De pronto me acordé de la noche en que visité a Amanda Conroy y le dije medio en broma que la separación de poderes entre Mosala y los Cosmólogos Antropológicos era algo positivo. Más tarde, Buzzo había postulado en tono de burla una teoría que se sustentaba a sí misma, se defendía, descartaba a todas las rivales y se negaba a que la absorbieran.

—Pero ¿de quién es la teoría que va a unificar la física y la información? —dije—. La TOE de Mosala no intenta «establecer su propia autoridad».
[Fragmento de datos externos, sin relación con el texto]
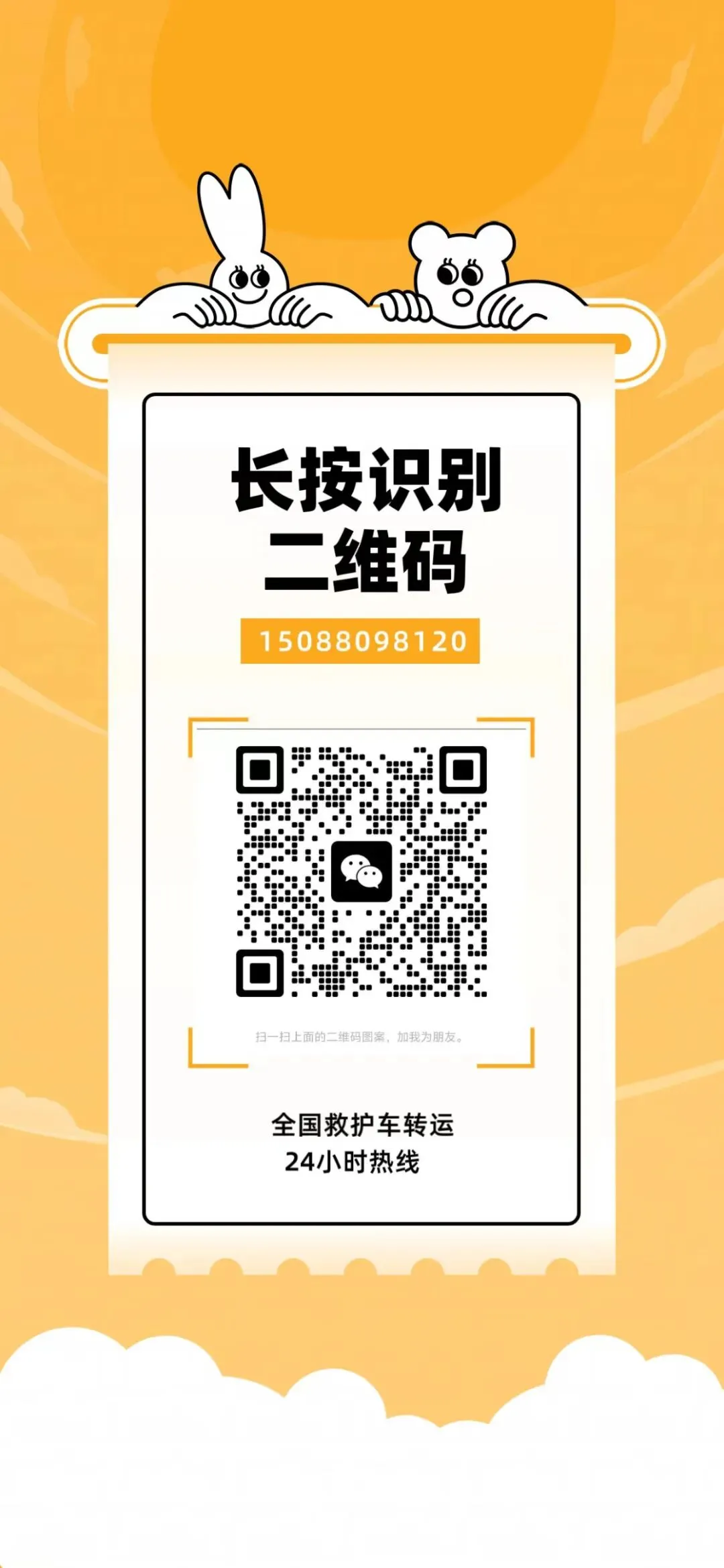 微信客服:15088098120(←长按复制,添加微信咨询)120急救救护车:《院前医疗急救管理办法》严格监管,必须由120急救中心统一调度,不得私自运营,病人出现紧急情况→立即拨打120。

—Nunca fue su intención hacerlo —dijo Akili, sin que mi comentario le pareciera un obstáculo—, pero no entendió bien el alcance de su obra, o alguien de la red cogerá su TOE puramente física y la ampliará para que abarque la teoría de la información. Es cuestión de días o de horas.

Miré al suelo. De repente me sentí enfadado y me cayeron encima todos los horrores mundanos del día.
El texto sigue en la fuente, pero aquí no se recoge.